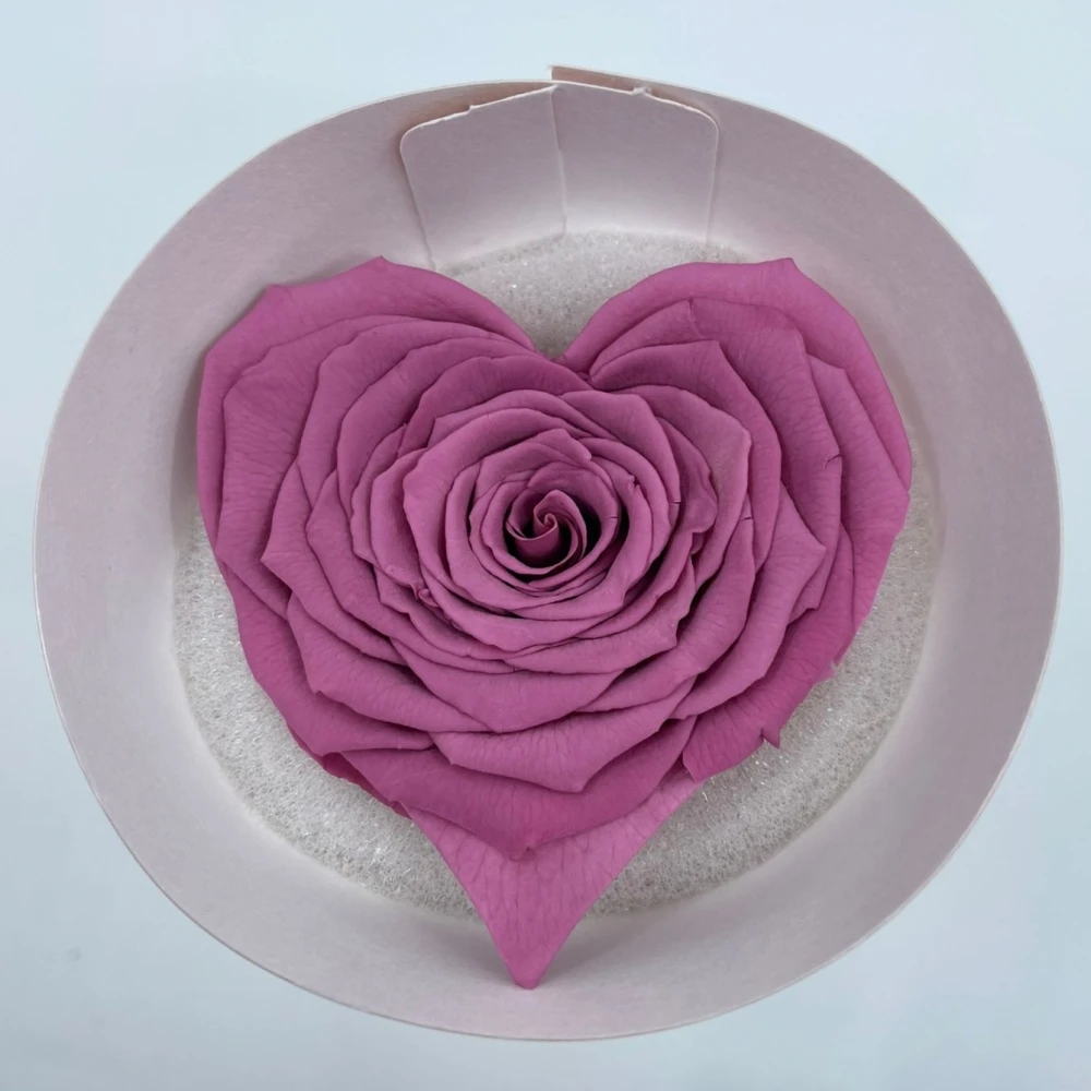 Stabilizovaná fialová růže tvaru srdce od Rose Amor je mistrovské dílo trvalé krásy. Vybrané v optimálním okamžiku rozkvětu, tyto růže prošly inovativním procesem stabilizace, díky kterému uchovávají svůj tvar, barvu a svěží vzhled po mnoho let. Nevyžadují péči ani vodu, což činí tento dárek nejen krásným, ale i praktickým.
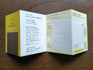 箱を開けたときに一番最初に見えた、黄色いパンフレットと、ぺらっとした用紙も見ていきましょう。
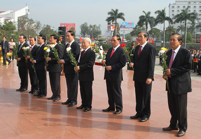 Tổng Bí thư Nguyễn Phú Trọng, nguyên Tổng Bí thư Nông Đức Mạnh, Chủ tịch nước Trần Đại Quang, nguyên Chủ tịch nước Trương Tấn Sang, Thường trực Ban Bí thư Trung ương Đảng Đinh Thế Huynh, Phó Thủ tướng Thường trực Chính phủ Trương Hòa Bình, Trưởng Ban Tuyên giáo Trung ương Võ Văn Thưởng tham dự lễ kỷ niệm.
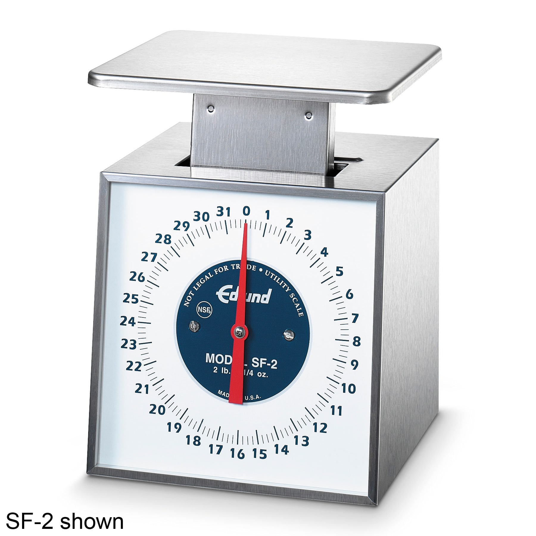 The Edlund SF‐5 fixed dial standard mechanical scale is part of the Premier Series NSF dishwasher safe portion scales. The SF‐5 comes with a 6" x 6‐3/4" stainless steel platform with a capacity of 5lbs x 1oz.
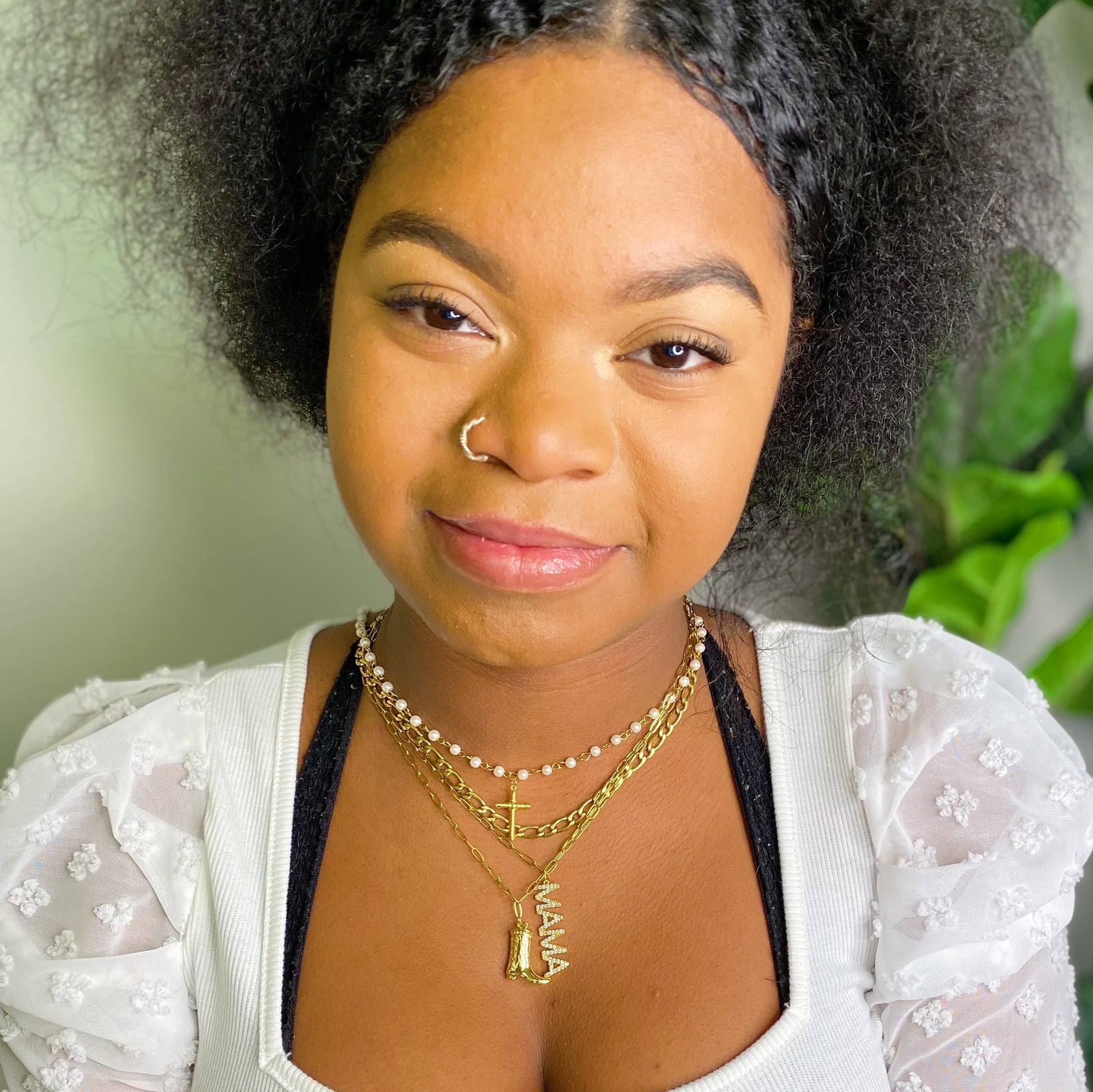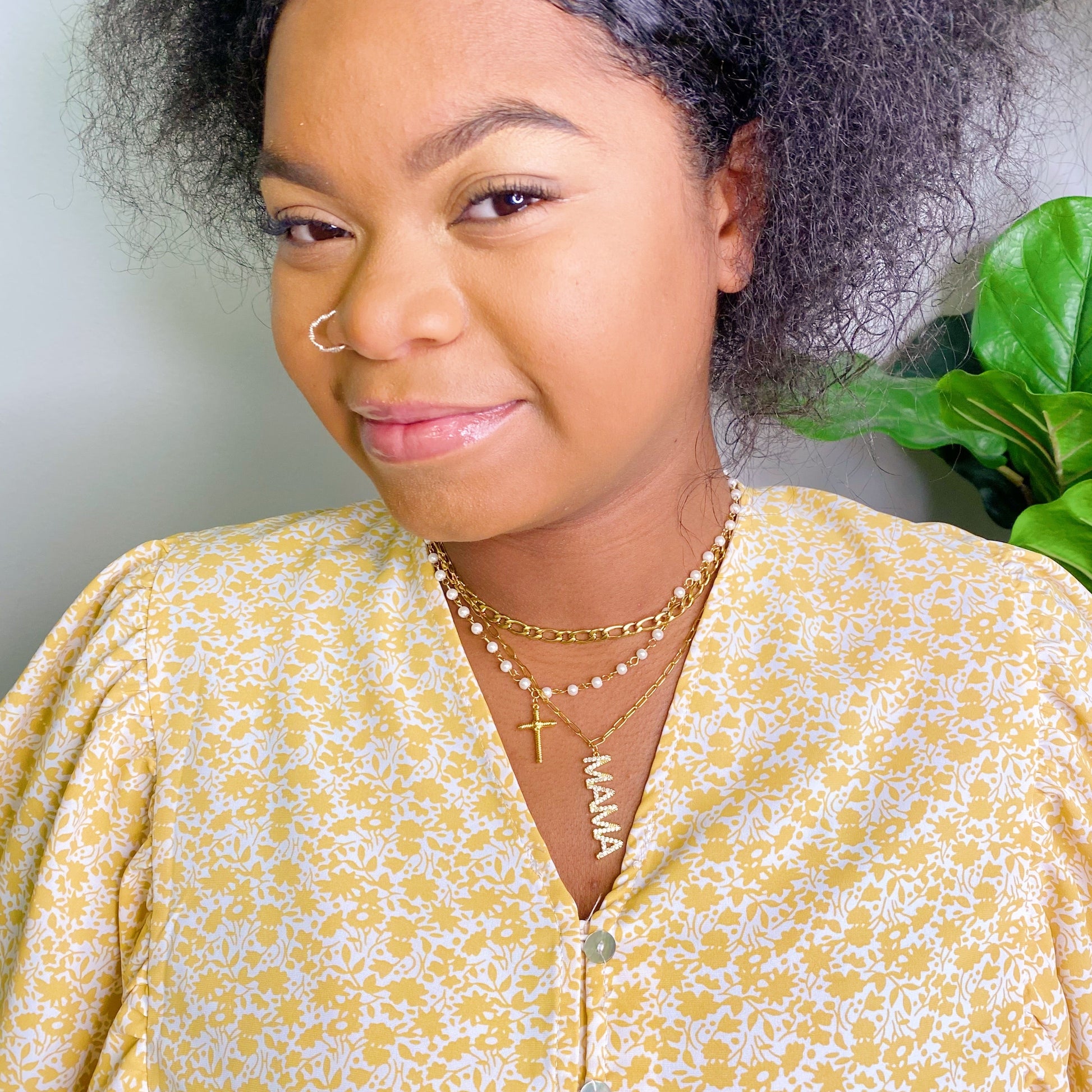 Features a unique cable-textured cross pendant with a gorgeous mixture of pearls in the chain. It has a boho and delicate aesthetic. Pendant, same front and the back.
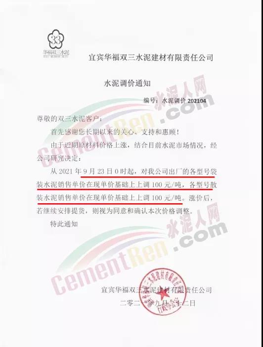 宜賓華福雙三水泥建材有限公司通知9月23日0時(shí)起,水泥價(jià)格上調(diào)100元/噸。

+ + + + +

### Requirement
Word for word, write out each line from the one with "Features a unique" through the end of the entries above, and omit any pictures.

### Result of the task
 Features a unique cable-textured cross pendant with a gorgeous mixture of pearls in the chain. It has a boho and delicate aesthetic. Pendant, same front and the back.
 宜賓華福雙三水泥建材有限公司通知9月23日0時(shí)起,水泥價(jià)格上調(diào)100元/噸。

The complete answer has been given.